▸ **TASK DIRECTIONS**
Only the lines from the one with "moderné umývadlo ." through the final line below belong in the answer, copied exactly and without pictures.

▸ **RECORDED DATA**
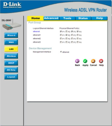 Рисунок 2. Web интерфейс DSL-G804V.
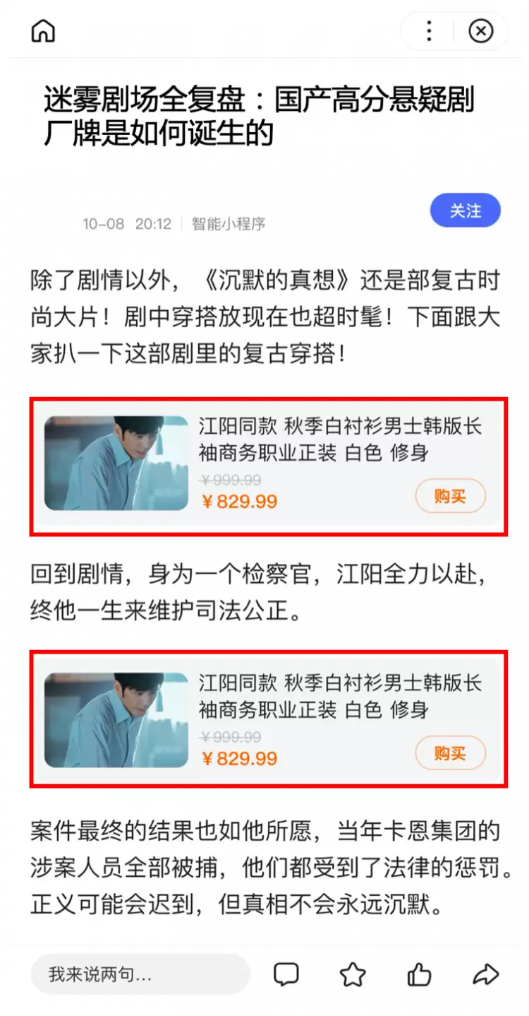 据了解,升级后的长图文内容支持插入小程序卡引导转化,小程序卡支持插入商品、服务组件(客服组件)、文字链接与通用卡片四种类型。不同于以往单纯地为用户提供图文内容,小程序卡让图文内容可以直达小程序,用户在阅读图文内容时,可以通过挂载的链接直接跳转到智能小程序的服务或商品中,二者的打通省去了用户关闭图文再通过其他渠道进入的繁琐步骤,带来了闭环的一站式体验。
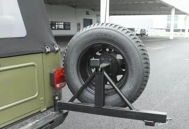 来到新车的尾部,从后面看就是一个方盒子,背着一个全尺寸轮胎,备胎架上还配备了工兵铲和旗杆,出去野的时候为你的安全保驾护航。黑色粗壮的后保险杠,呈现很强的力量感。
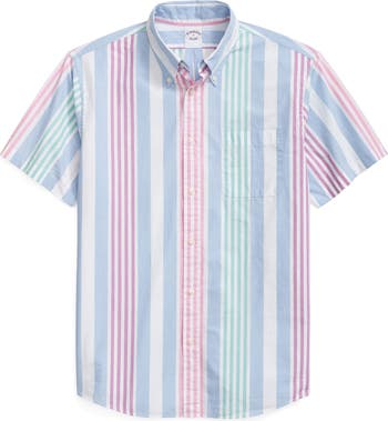 Friday Regular Fit Stripe Short Sleeve Cotton Poplin Button-Down Shirt
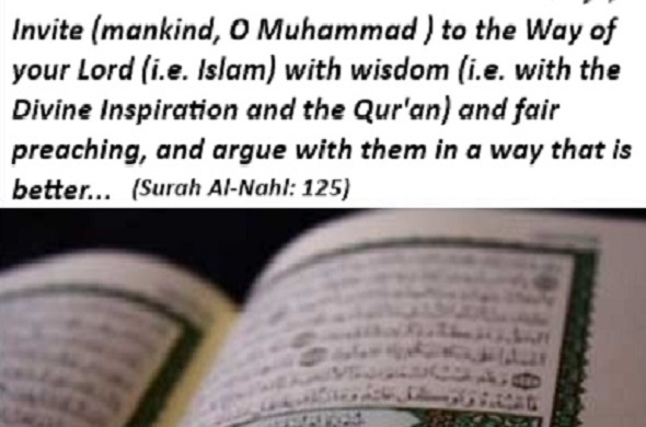 Invite to the way of your Lord with wisdom (hikmah) and good instruction (mawidhah hasanah), and argue with them in a way that is best. Indeed, your Lord is most knowing of who has strayed from His way, and He is most knowing of who is (rightly) guided. (An-Nahl 16:125)
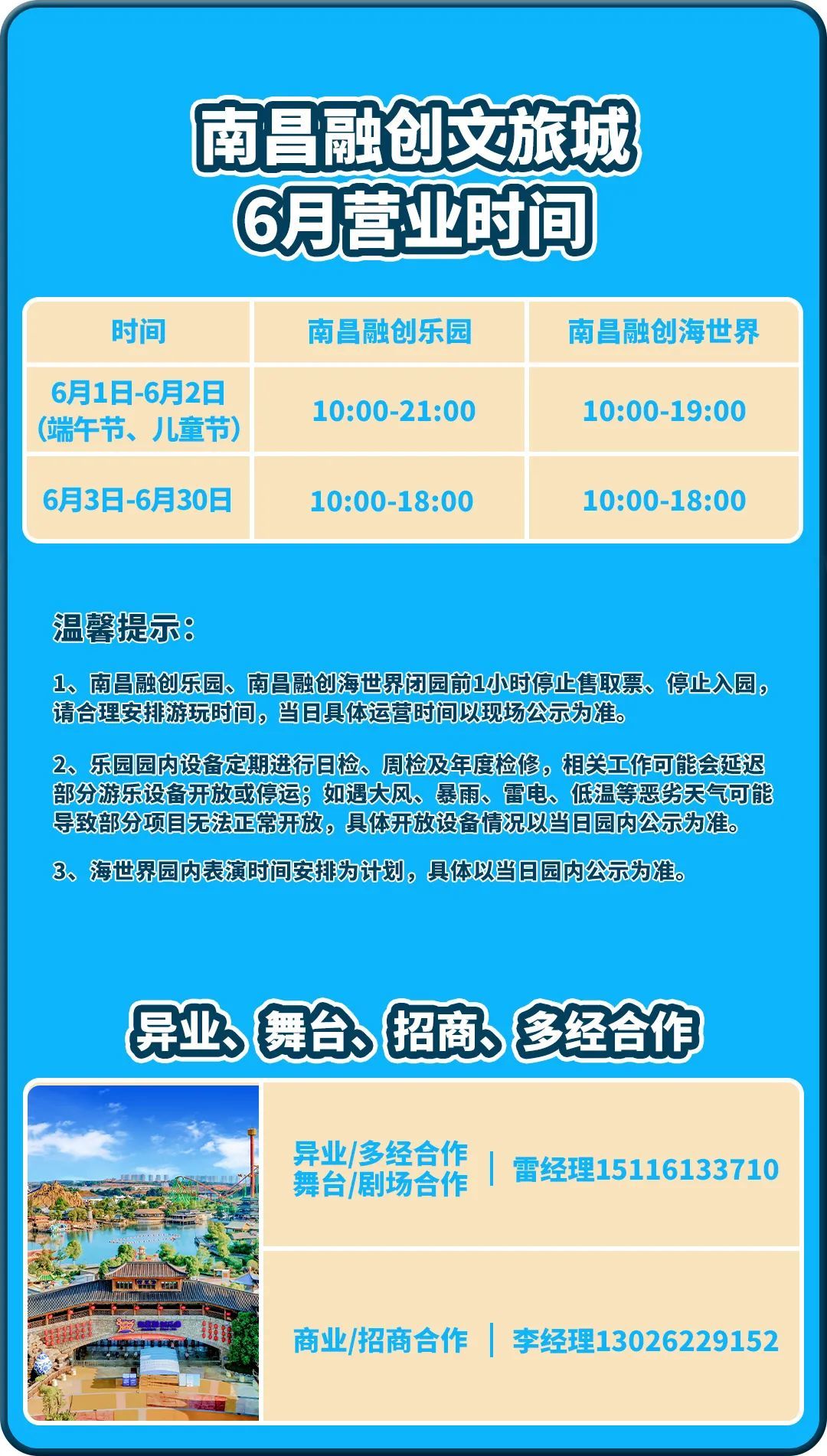 受天气原因影响,为保障游客出行安全及游玩体验,南昌融创乐园2025年6月11日提前至14:00闭园,南昌融创海世界正常运营。已在网上预订南昌融创乐园门票的游客,可在原渠道申请退款,详情请咨询400-895-9888。
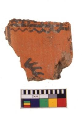 | Description / विवरण | A specimen of a potsherd. It is reddish in colour with black decorative nature painting on it. |
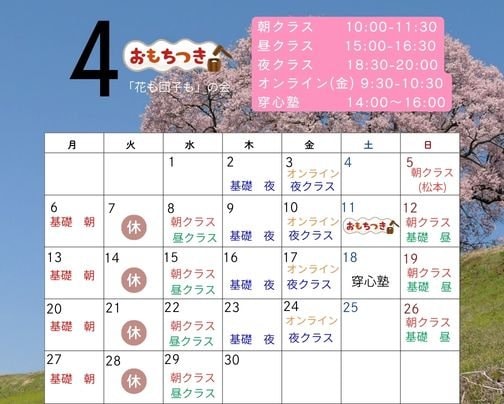 2026年4月 日輪寺&洞光寺&オンラインクラス&穿心塾 予定表
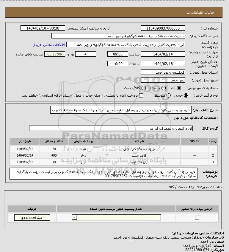 | 1 | -- | ریبون دستگاه کارت زنی | عدد | 70 | 1404/02/14 |
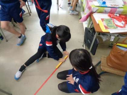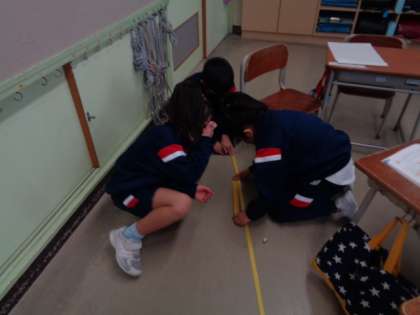 算数科では、「1m」を学習しました。1mものさしを使って、教室のいろいろなところを予想を立てて測ってみました。教室のたては、8mちかくあることが分かって、「長い!」と驚いていました。長さの量感が身に付いてきて、「ドアのたての長さは2mくらいかな」と話していた子供たちです。
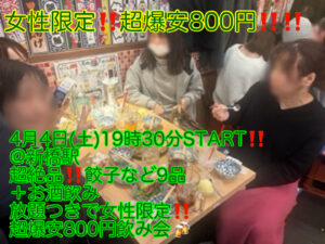 (女性限定!!超爆安800円!!!!)【4月4日(土)19時30分〜新橋駅】超絶品!!中身ぎっしり餃子など9品+お酒飲み放題つきで女性限定!!超爆安800円飲み会
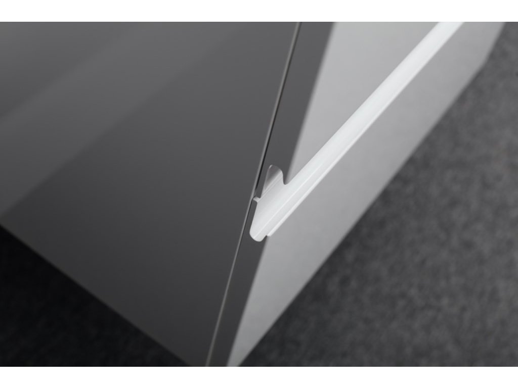 Vďaka „tichému zatváraniu“ sa dvierka a zásuvky v poslednej fáze zatvárania spomalia a zatvoria sa takmer ticho . Zakrivená línia čiel s elegantnou frézou dáva ľahký a jemný štýl . Celok dotvára obdĺžnikové moderné umývadlo .
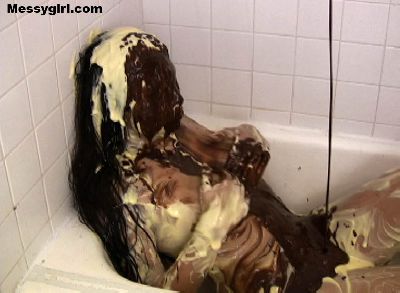 Jasmine takes a bath and then drains the water for a good old fashion sliming with batter, pudding, chocolate and ice cream!

▸ **SOLUTION TO THIS EXERCISE**
 Vďaka „tichému zatváraniu“ sa dvierka a zásuvky v poslednej fáze zatvárania spomalia a zatvoria sa takmer ticho . Zakrivená línia čiel s elegantnou frézou dáva ľahký a jemný štýl . Celok dotvára obdĺžnikové moderné umývadlo .
 Jasmine takes a bath and then drains the water for a good old fashion sliming with batter, pudding, chocolate and ice cream!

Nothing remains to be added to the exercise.